PROMPT:
From the records below, please print only the lines from the one containing "In het verlengde" through the one containing "Campaña de concienciación en Santa Rita.", both included. Skip the pictures.

Records from a data source:
- - - - - - -
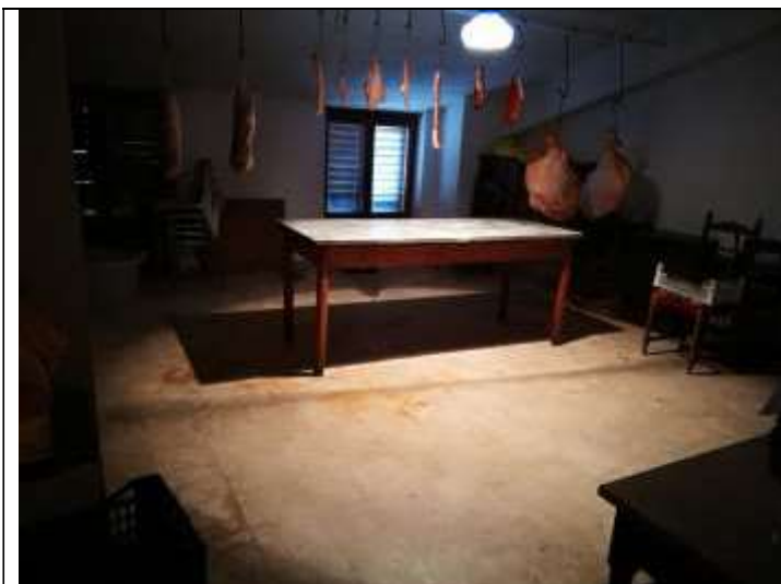
Figura 12 Soffitta
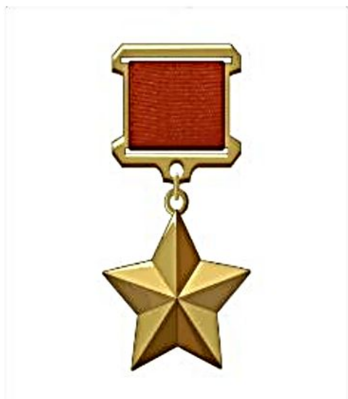
Медаль «Золотая Звезда» Героя Советского Союза (25.10.1938, № 103)
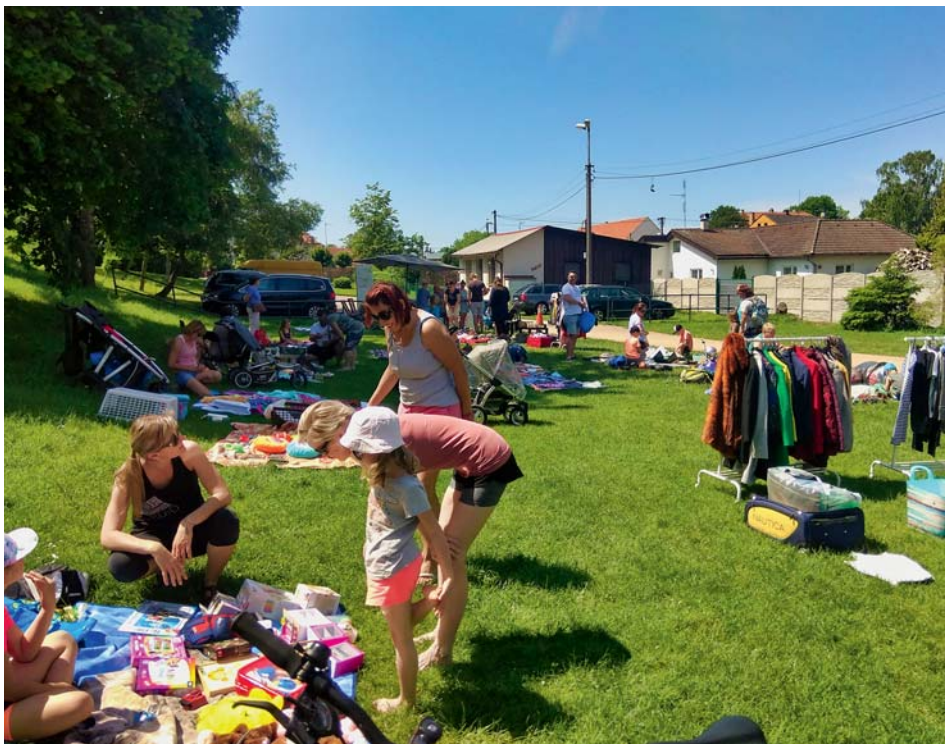
Nabídka byla pestrá
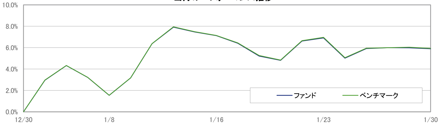
当月のパフォーマンス推移

※ 上記のグラフは過去のものであり、将来の運用成果を保証するものではありません。
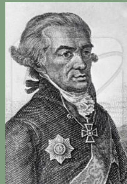
Херасков Михаил Матвеевич
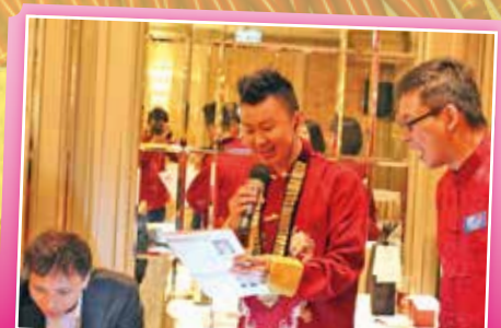
會長在「懷舊估歌仔」環節中高歌一曲
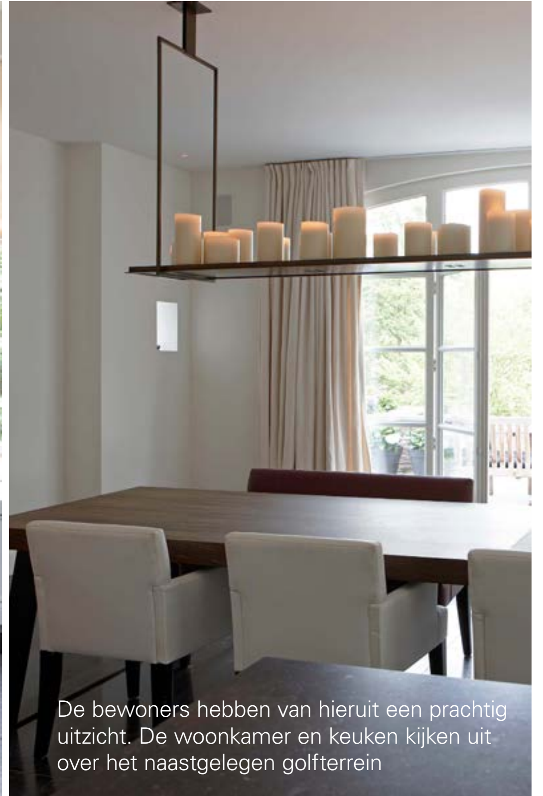
In het verlengde van de tafel zit een kaderloze open haard op gas. Een idee van de interieurarchitecte waar de bewoners meteen helemaal wild van waren. Boven de eettafel zorgt de bijzondere kroonluchter voor een perfecte aanvulling op het vuur.
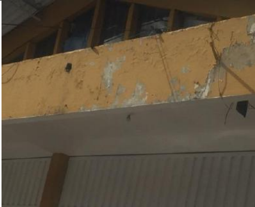
Pintura antihumedad deteriorada

“Por un control fiscal efectivo y transparente”
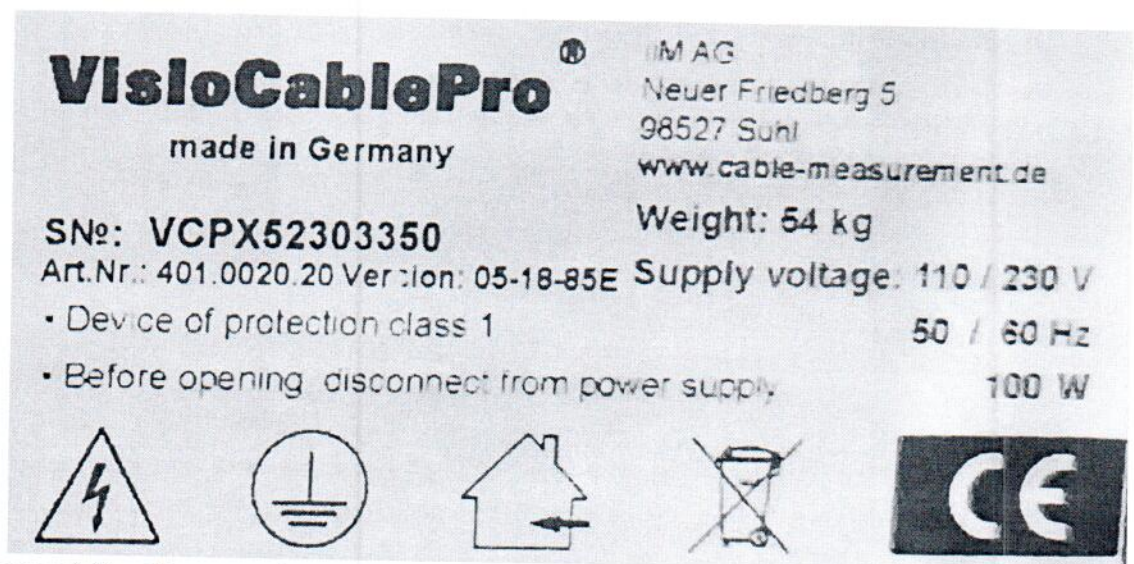
Рисунок 1.3 – Фотография маркировки прибора для измерения геометрических параметров кабеля VisioCablePro VCPX5 № VCPX52303350
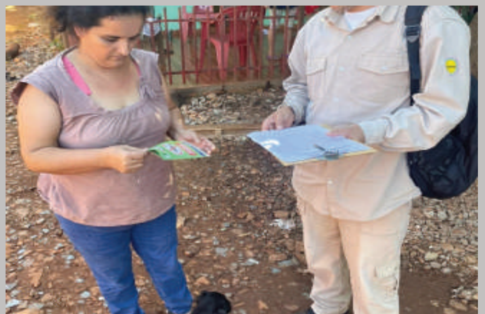
Campaña de concienciación en Santa Rita.

Comprender el ciclo de vida del Aedes aegypti es fundamental para prevenir la transmisión de estas enfermedades. Este mosquito se reproduce en agua limpia y estancada, como la que se acumula en recipientes, llantas viejas, flores y otros objetos.
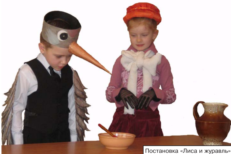
Постановка «Лиса и журавль»

Вот и подошел к финалу конкурс юных талантов «Созвездие». Самый популярный фестиваль молодых дарований открылся и завершился традиционно во Дворце Культуры Шахтера.
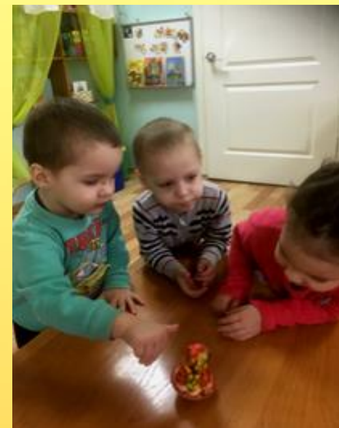
Игра-забава «Покрутили мы матрёшку, поиграли мы немножко!»
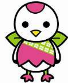
鶴見区マスコットキャラクター「つるりつぶ」
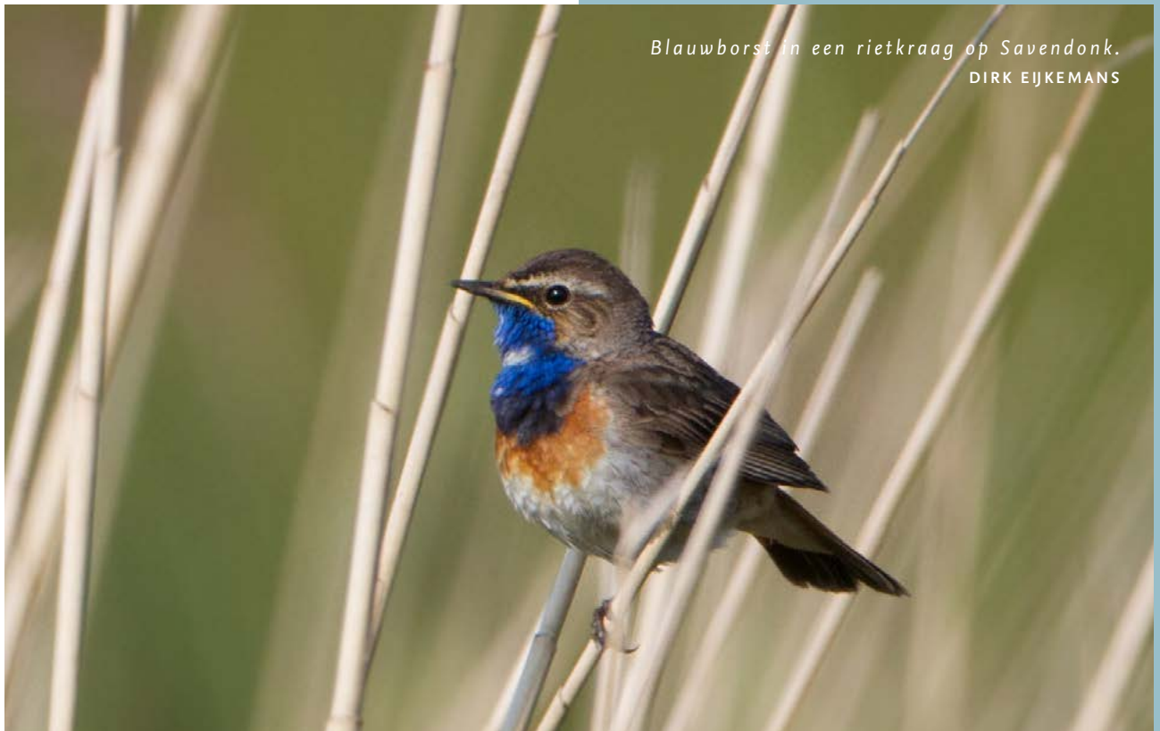
Blauwborst in een rietkraag op Savendonk. DIRK EJKEMANS
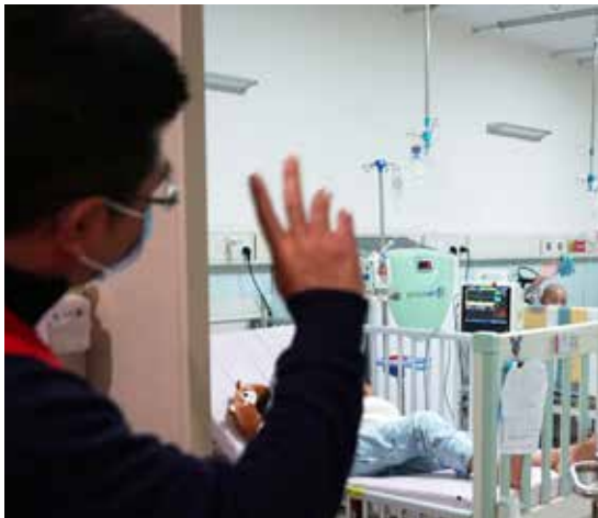
中国红基会工作人员探访已获得救助的白血病儿童
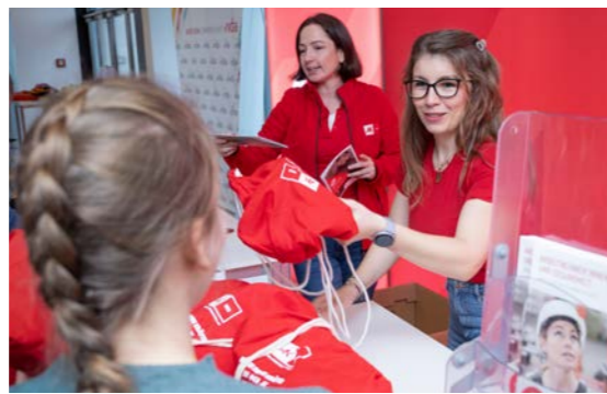
Das Messe-ABC für unsere Delegierten: Von AK über ÖBV und SPARDA bis vidaversum. Schau heute noch vorbei!

VIEL BERICHTET UND DISKUTIERT WURDE GESTERN IM AUSTRIA CENTER. DANKE an alle, die den 5. vida-Gewerkschaftstag mit Leben erfüllt haben. Viele Highlights findest du auf gewerkschaftstag.vida.at . Werde Teil unserer Social Media Wall – poste deinen Beitrag mit #mehrvida und #vidagwt2024 .
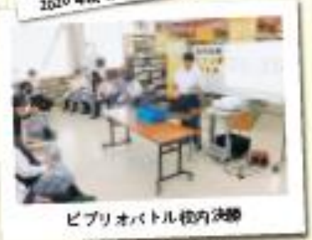
ビブリオバトル校内決勝
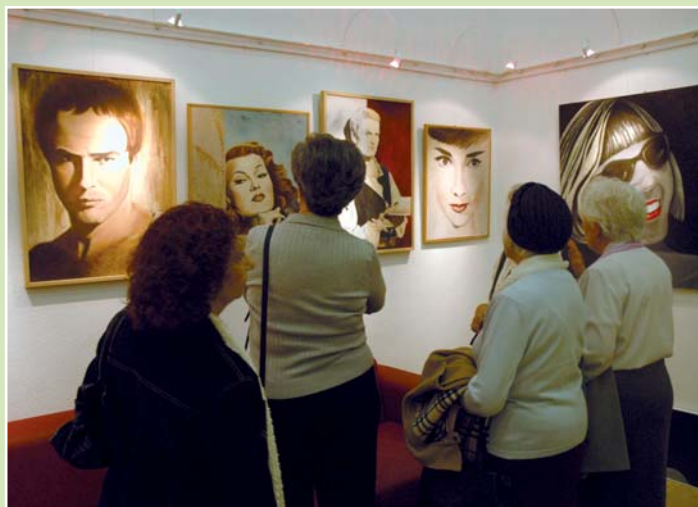
Los colegiados tienen a su disposición el área de exposiciones para dar salida a su creación artística

En el apartado cultural y social cabe destacar la proyección que se va a seguir dando a la sala de exposiciones del Colegio para que los colegiados puedan usarla para mostrar en ella sus obras, dando salida y potenciando su creación artística. Asimismo se va a seguir realizando un importante esfuerzo para dar forma al Museo de la Profesión y crear un espacio histórico para su ubicación.
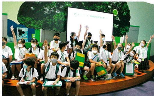
エコパーク見学 4年
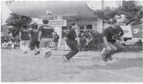
大橋跳びにチャレンジする参加者＝25日午前、町役場前庭

初勝利を逃した与那国町長は「初めての参加者の参加率が低かったのは残念だが、来年はもっと参加率を上げていきたい」と話した。
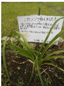
校章花ノカンゾウ成長

50周年に向けて学校全体が盛り上がってきています!写真で様々な活動や経過を紹介します。
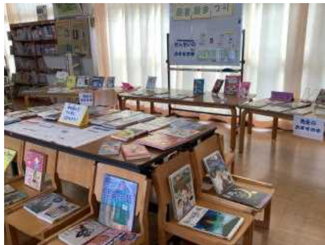
図書館まつりの会場

朝の読書タイムに6年生のクラスをのぞくと、子どもたちと同じように夢中で本を読んでいる担任の姿がありました。大人も子どもも本の世界に浸る時間、いいですね。
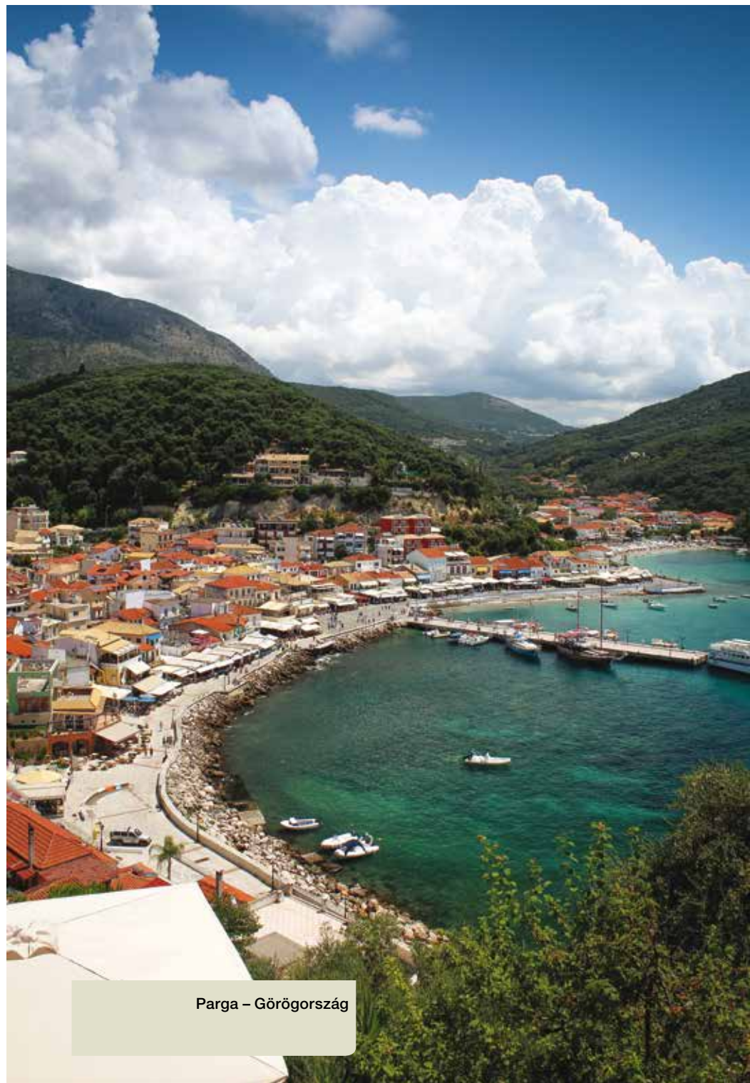
Parga – Görögország
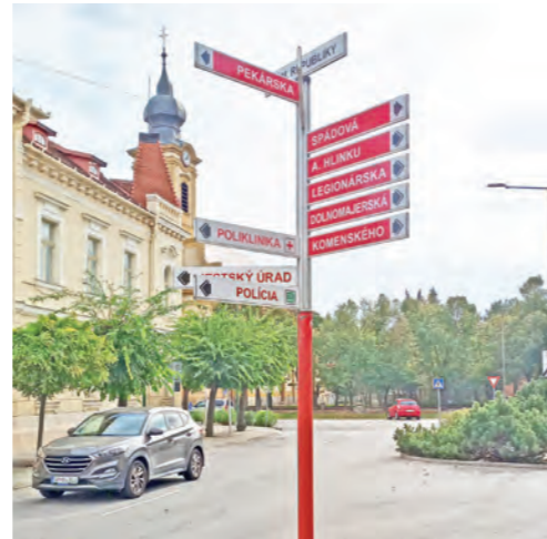
Obnovený informačno – navigačný systém mesta. V prvej fáze bola obnovená časť v celkovej hodnote 11 829,60 eur a obnovených bolo spolu 318 tabuliek.
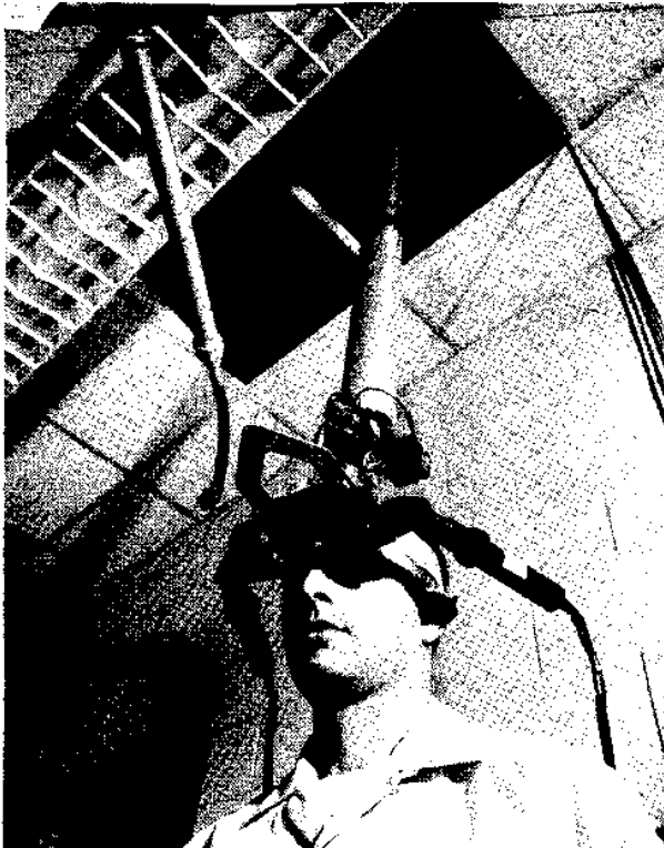
FIGURE 4—The ultrasonic head position sensor in use

Als Zäsur in der technologischen Entwicklung sowohl von Virtual als auch Augmented Reality gilt jedoch Ivan Sutherlands Sword of Damocles von 1968. Die Assoziation mit dem Damoklesschwert wurde durch die bedrohlich über dem Kopf der Rezipierenden angebrachte brillenartige Konstruktion hervorgerufen (Abb. 1).
- - - - - - -
EXERCISE RESULT:
In het verlengde van de tafel zit een kaderloze open haard op gas. Een idee van de interieurarchitecte waar de bewoners meteen helemaal wild van waren. Boven de eettafel zorgt de bijzondere kroonluchter voor een perfecte aanvulling op het vuur.
Pintura antihumedad deteriorada

“Por un control fiscal efectivo y transparente”
Рисунок 1.3 – Фотография маркировки прибора для измерения геометрических параметров кабеля VisioCablePro VCPX5 № VCPX52303350
Campaña de concienciación en Santa Rita.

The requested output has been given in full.